To pay for the materials and the work provided by others, I’ve made numerous lifestyle sacrifices, the most significant of which is living in an RV since I left my Arizona home for good in May 2013. While my RV isn’t exactly uncomfortable, it isn’t nearly as comfortable as a rented apartment or house would be. But why pay $1,500 a month or more on rent when that money can be used to buy appliances or pay a plumber for my own home? And besides, I worry that getting too comfortable in a temporary home might take away the urgency I feel about getting my new home done.

The reward for my hard work and sacrifices is seeing my dreams come true.

I cannot express the immense feeling of satisfaction and joy I get when I look at my new home and remind myself that it came from me. I designed it, I did what it took to get it built, I made all the decisions and paid all the bills.

And that feeling of joy is pumped up every single time someone comes by and says “This is going to be a great place when it’s done.” Do you know how often I hear that? Almost every time someone comes up to visit or work on my place. Over and over — they all say the same thing. From the UPS delivery guy to the guy who runs the pole building construction company. Inspectors, plumbers, drywall guys — they all tell me how much they’d love to live at my place. Can you imagine how that makes me feel?

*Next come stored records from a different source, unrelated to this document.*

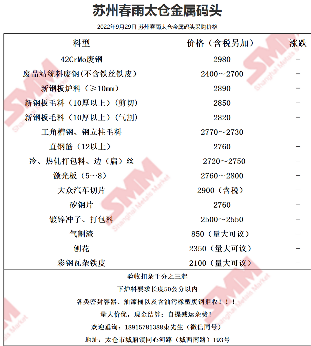 今日 苏州春雨太仓金属码头 废钢采购报价已更新,有货的朋友欢迎联系我们!
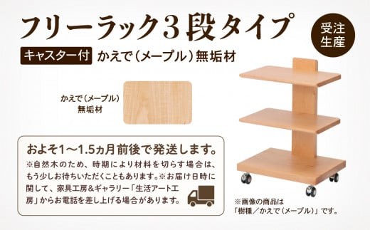 - 【広めの棚板が魅力】 フリーラック3段タイプ かえで(メープル)無垢材 180001
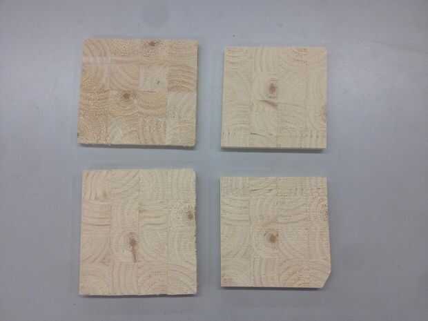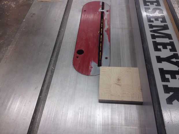 Luego individualmente corté cada montaña rusa a mi deseado 3.5 x 3.5 tamaño en la Sierra de mesa tomando un poco de cada lado. Tenga cuidado con el rasgón hacia fuera en este paso. Piezas que tienen una esquina astillada hacia fuera pueden transformarse ya sea en círculos, o pueden ser limpiados por redondeo de las esquinas con la lijadora.
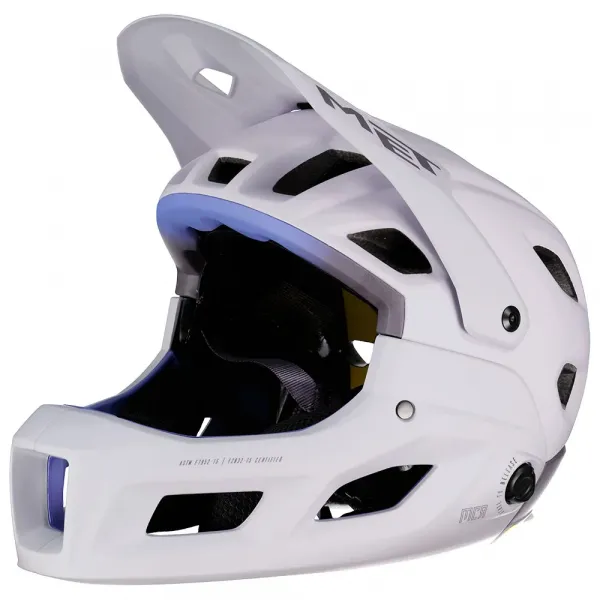 이 헬멧은 두 가지 세계를 하나로 완벽하게 결합하여, 공격적인 하강에 필요한 풀페이스 보호 기능과 길고 힘든 오르막길을 위한 오픈페이스 헬멧의 가벼운 통풍 기능을 제공합니다.
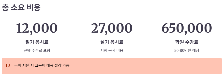 응시료: 필기시험 약 12,000원대, 실기시험 약 27,000원대 등

I know I got it right — but I have so many people confirming it.

And as weird as this might sound, I have to thank my wasband and his girlfriend for making this all possible. If it wasn’t for him pulling the plug on our marriage and her convincing him to make me an enemy by going after my business assets, I never would have had the freedom to finally move forward with my life. Years of stagnation, living half of every year in a rut he’d dug, waiting for the man I loved to get his head and life together and fulfill his promises to me finally ended. Although the ending wasn’t the way I would have chosen, I know now, in hindsight, that it was the best way. A clean break is the best break. No more grief, no more frustration.

And now I’m moving forward again, rebuilding my life as a better life, making my dreams happen.

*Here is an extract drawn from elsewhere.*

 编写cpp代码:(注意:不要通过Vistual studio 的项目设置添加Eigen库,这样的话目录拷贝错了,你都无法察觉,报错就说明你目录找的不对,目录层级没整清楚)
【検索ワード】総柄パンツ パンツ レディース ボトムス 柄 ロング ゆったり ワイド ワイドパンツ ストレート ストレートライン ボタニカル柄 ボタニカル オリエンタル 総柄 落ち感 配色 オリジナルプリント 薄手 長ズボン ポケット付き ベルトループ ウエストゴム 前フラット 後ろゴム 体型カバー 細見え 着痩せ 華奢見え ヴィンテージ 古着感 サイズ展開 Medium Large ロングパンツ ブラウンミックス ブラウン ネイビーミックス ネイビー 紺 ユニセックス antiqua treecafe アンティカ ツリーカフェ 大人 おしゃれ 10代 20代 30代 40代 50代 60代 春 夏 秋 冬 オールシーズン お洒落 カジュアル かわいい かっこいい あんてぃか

I love where I am in my life: happy, healthy, free, surrounded by friends, living in a beautiful place. Seeing the results of my hard work materialize before my eyes.

What else is there?

2014: A Look Back

Moving forward, looking ahead.

2014 is over. It was a good year for me. Not my best, but certainly one that finished on a very positive note. A year I can look back on and be proud of what I learned and accomplished, a year that marks the successful end of a long and bitter battle to keep what’s rightfully mine.

The Journal

Penny on the Porch
Penny the Tiny Dog lounges in the morning sun on the wrap-around porch of the house we spent the winter in.

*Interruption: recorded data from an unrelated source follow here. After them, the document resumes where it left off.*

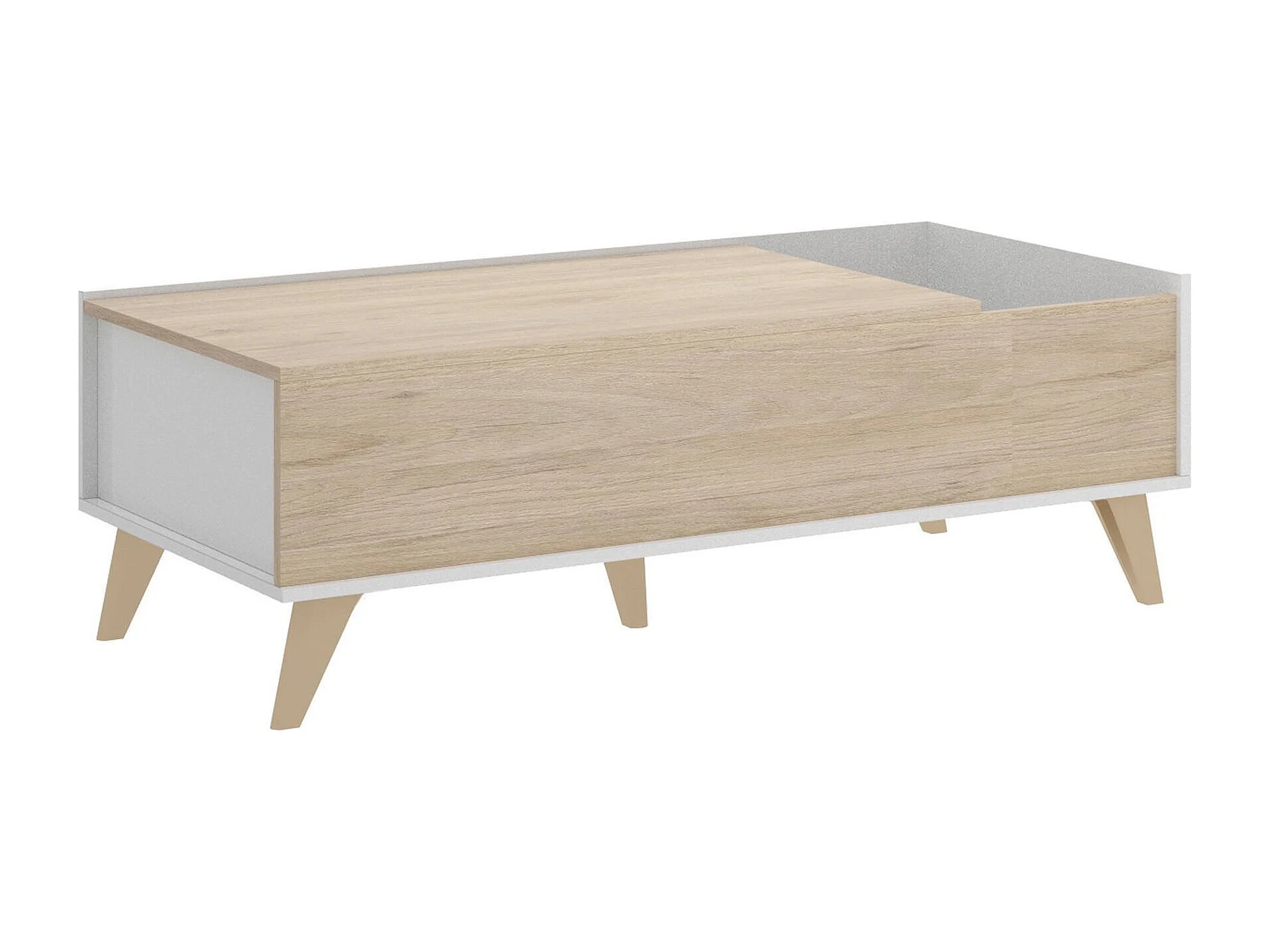 Table basse Dburs, Porte-revues de salon avec compartiment de rangement, Table basse élévatrice basse, 99x60h41 cm, Chêne et Blanc
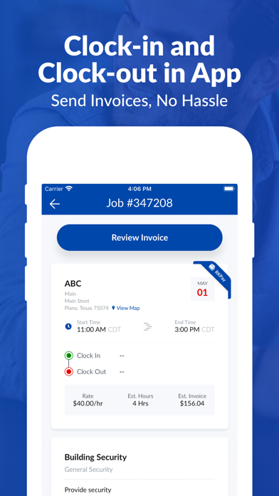 - No more submitting invoices. By checking in/out of your shift we track your hours/location, and automatically provide reports back to the company that hired you.
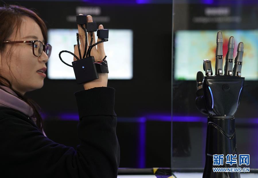11月19日,工作人员在京东全球科技探索者大会上演示一款智能可穿戴仿生手。新华社记者 金良快 摄

I kept a journal for much of the year. I started it on January 1, 2014, when I was housesitting for a neighbor who was gone for the winter. He had a wonderful home and I was fortunate to be able to spend nearly three months in its comfort. Having the space to entertain friends helped me build stronger bonds with people I’ve met since relocating permanently here in Central Washington State in late May of 2013. And it was a hell of a lot warmer than my RV would have been.

This was the first time I kept a journal for any length of time. You might argue that this blog is a journal — and it is, to a certain extent. But while my blog posts cover a wide range of topics and often go into wordy detailed descriptions, my journal is brief. I wrote in it every morning throughout the spring, set it aside during the summer, and then opened it again in the fall. I wrote my last entry in the 2014 edition this morning and will start my 2015 book tomorrow.

Each entry is limited to one double-sided page, forcing me to keep things brief. I often refer to blog posts for more detail. My journal entries include a lot of thoughts and feelings that I don’t include in my very public blog. 2014 took up 1-1/3 blank books. Red ones — I really do like red. 2015’s first book will be black because that’s the color I found on sale.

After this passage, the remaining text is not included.